3. Sensory test 5 expert panelists evaluated the deterioration over time for the above sample (single item) (1) top fragrance, (2) sharpness of aftertaste, and (3) comprehensive evaluation (Table 8, Table) 9). All the comprehensive evaluations of “aging at 5 ° C.” were “very good”. However, in the sample (single item) of “aging over 60 ° C.”, the overall evaluation of the 70 ° C. filling and the 90 ° C. filling of the container-packed coffee beverages was “dissatisfied”. The overall evaluation of the stuffed coffee drink was “OK”. Similar results were obtained for aftertaste. In addition, about the fragrance of the top, the result similar to the sharpness of aftertaste was obtained except "good" of 10 degreeC and 30 degreeC filling.

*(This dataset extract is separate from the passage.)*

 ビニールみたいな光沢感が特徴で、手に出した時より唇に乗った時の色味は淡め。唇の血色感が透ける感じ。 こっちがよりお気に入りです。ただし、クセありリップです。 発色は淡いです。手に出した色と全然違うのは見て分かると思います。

  Regarding the sample (blend product), the overall evaluation of the 70 ° C. filling and the 90 ° C. filling of the packaged coffee beverages was “Yes” at “Deterioration over 60 ° C.”, but the samples filled with 10 ° C., 30 ° C. and 50 ° C. The overall evaluation of the packaged coffee drink was “good”. As for aftertaste, containerized coffee drinks filled at 10 ° C, 30 ° C, and 50 ° C were "possible", whereas containerd coffee beverages filled at 70 ° C and 90 ° C were "dissatisfied". Met. In addition, about the fragrance of the top, the result similar to the sharpness of aftertaste was obtained except "good" of 10 degreeC and 30 degreeC filling.

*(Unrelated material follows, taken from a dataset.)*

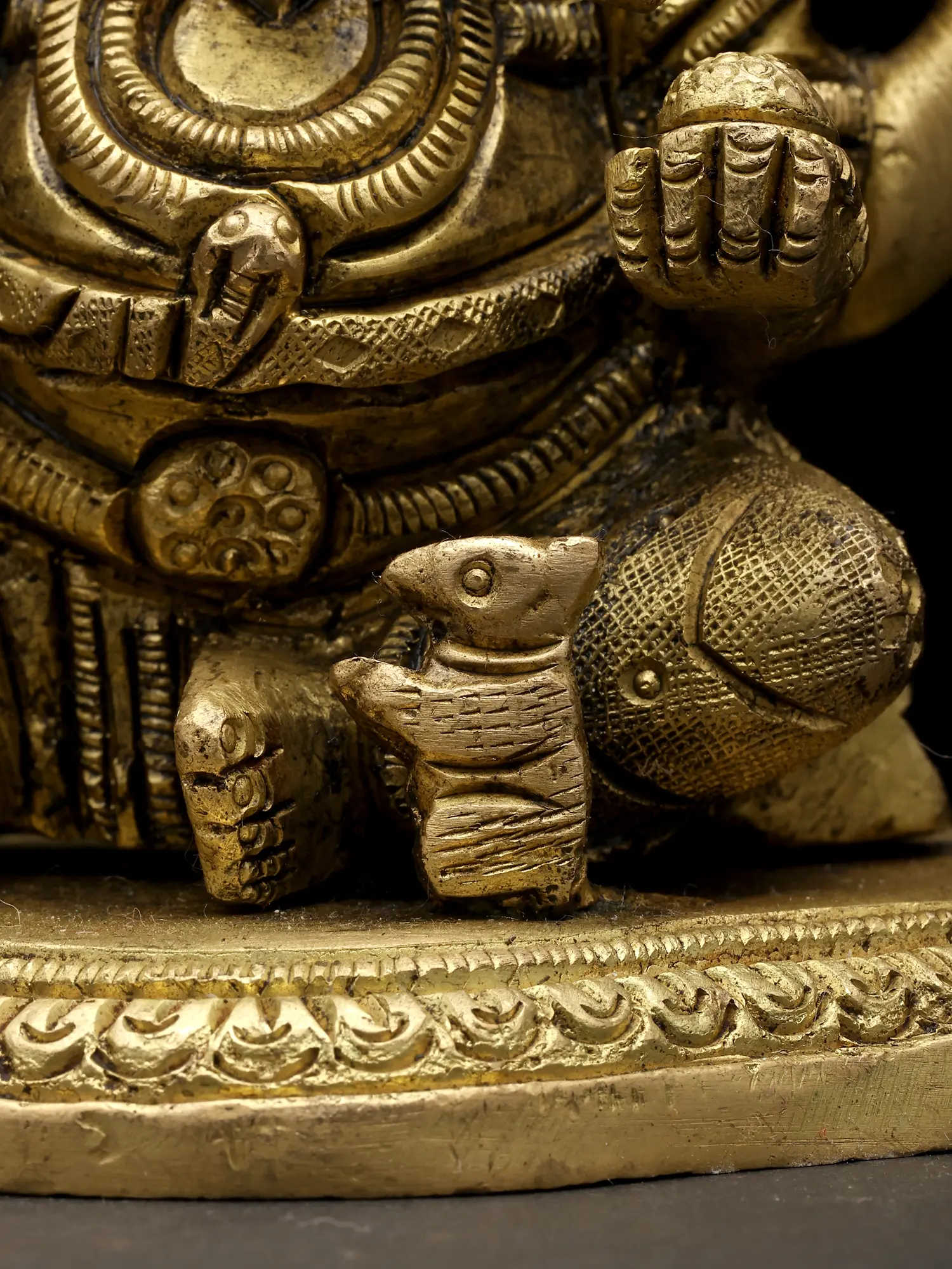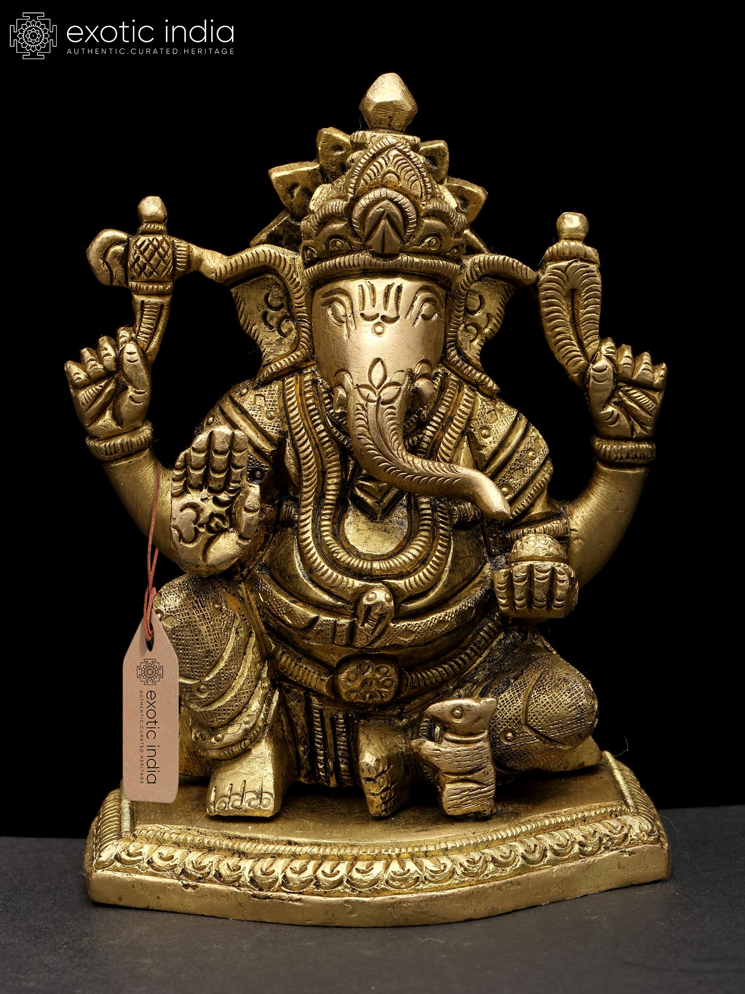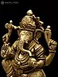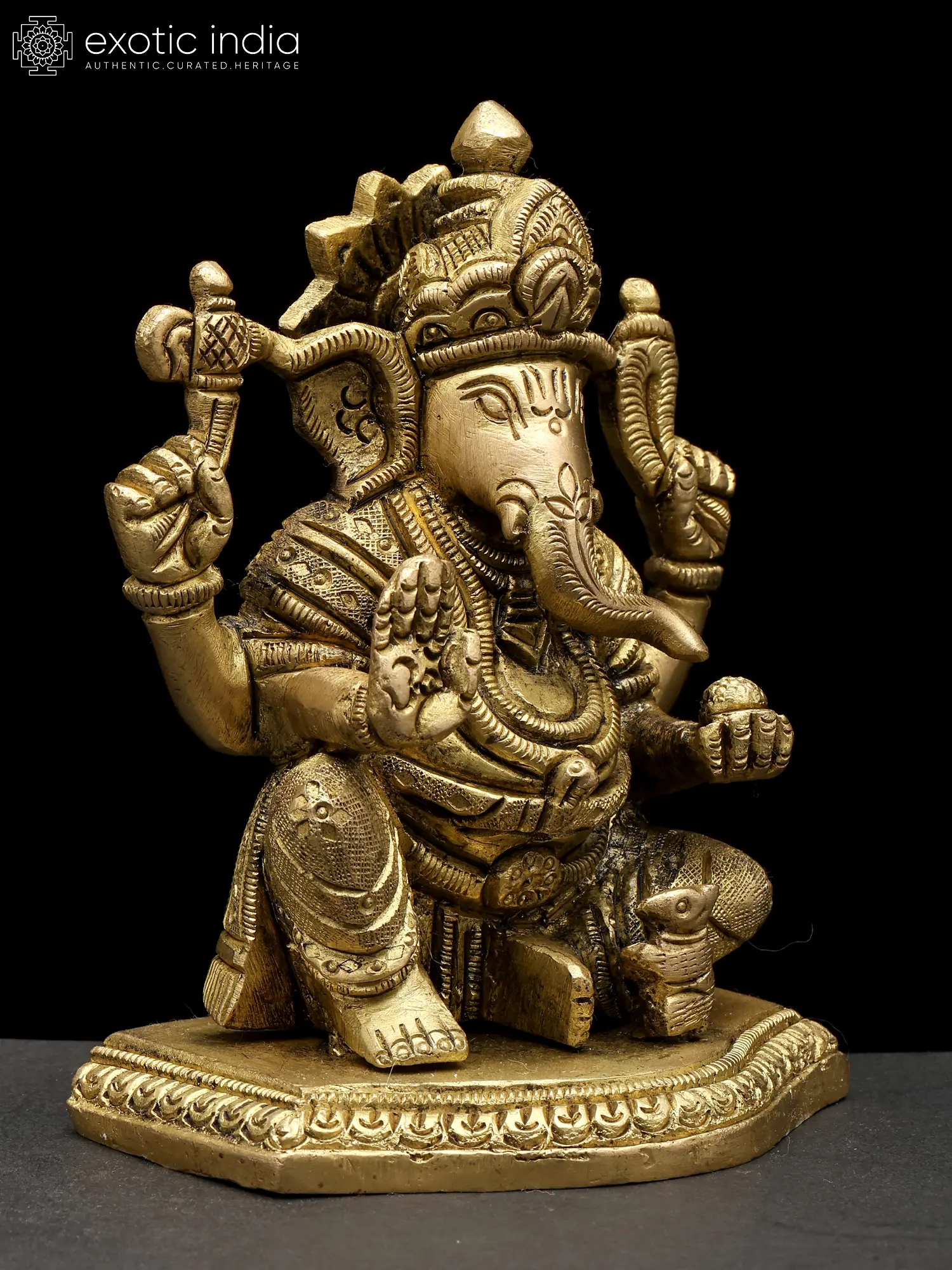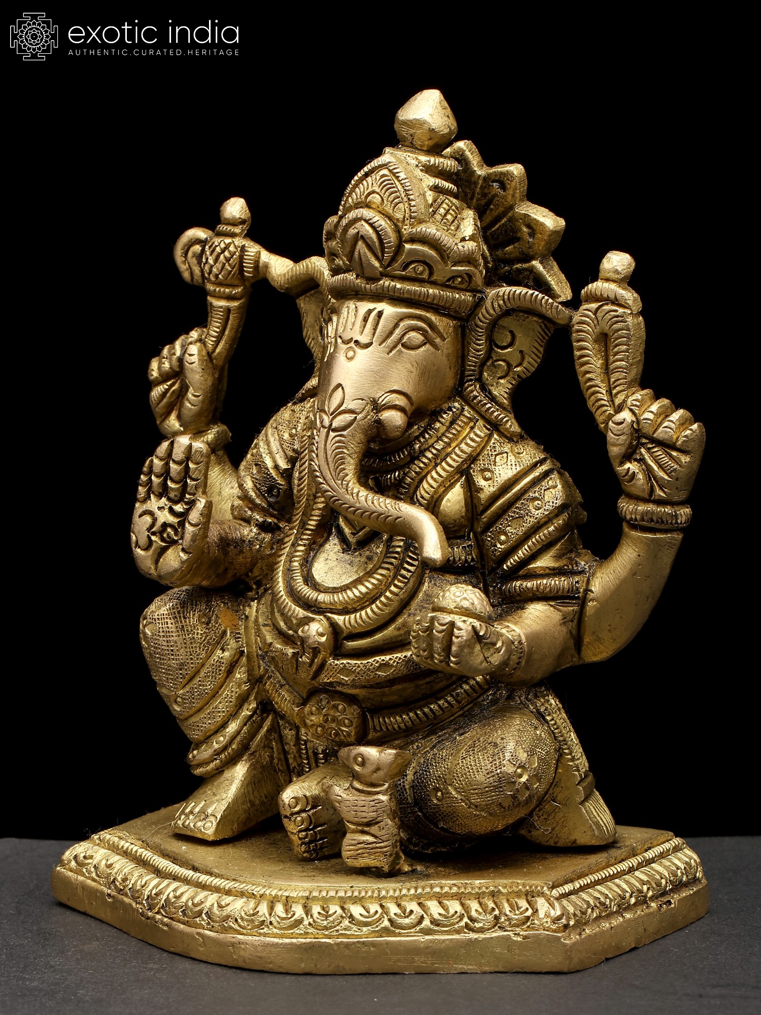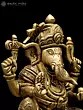 7" Lord Ganesha Brass Statue Sitting on Conch Pedestal

  From the above sensory test results based on “deterioration with time 60 ° C.”, containerd coffee beverages filled with 70 ° C. and 90 ° C. are likely to deteriorate over time, whereas containerd coffee beverages filled with 10 ° C., 30 ° C. and 50 ° C. It became clear that it is hard to deteriorate over time.

Here, in consideration of the combination of the residual amount result of the fragrance component and the sensory test result, the container-filled coffee drink filled with 70 ° C. and 90 ° C. is 3 of 2-methylfuran, 2-methylbutanal, and 3 methylbutanal. It has been found that the components are reduced as compared to 10 ° C, 30 ° C and 50 ° C filled container coffee beverages, and are likely to deteriorate over time. On the other hand, container-packed coffee beverages filled at 10 ° C., 30 ° C., and 50 ° C. contain many three components of 2-methylfuran, 2-methylbutanal, and 3 methylbutanal, and the deterioration over time is suppressed. I found out. This proves that there is a correlation between the residual amount of 2-methylfuran, 2-methylbutanal and 3-methylbutanal and deterioration over time.

Claims (3)

A method for producing a containerized coffee beverage characterized by suppressing deterioration of aroma components by filling a container with a liquid temperature of a coffee beverage within a range of 10 to 70 ° C. 2. The method for producing a packaged coffee beverage according to claim 1, wherein the aromatic component is one or more selected from the group consisting of 2-methylfuran, 2-methylbutanal and 3-methylbutanal. . A method for suppressing deterioration of a container-packed coffee beverage, wherein the container is filled with a liquid temperature of the coffee beverage within a range of 10 to 70 ° C.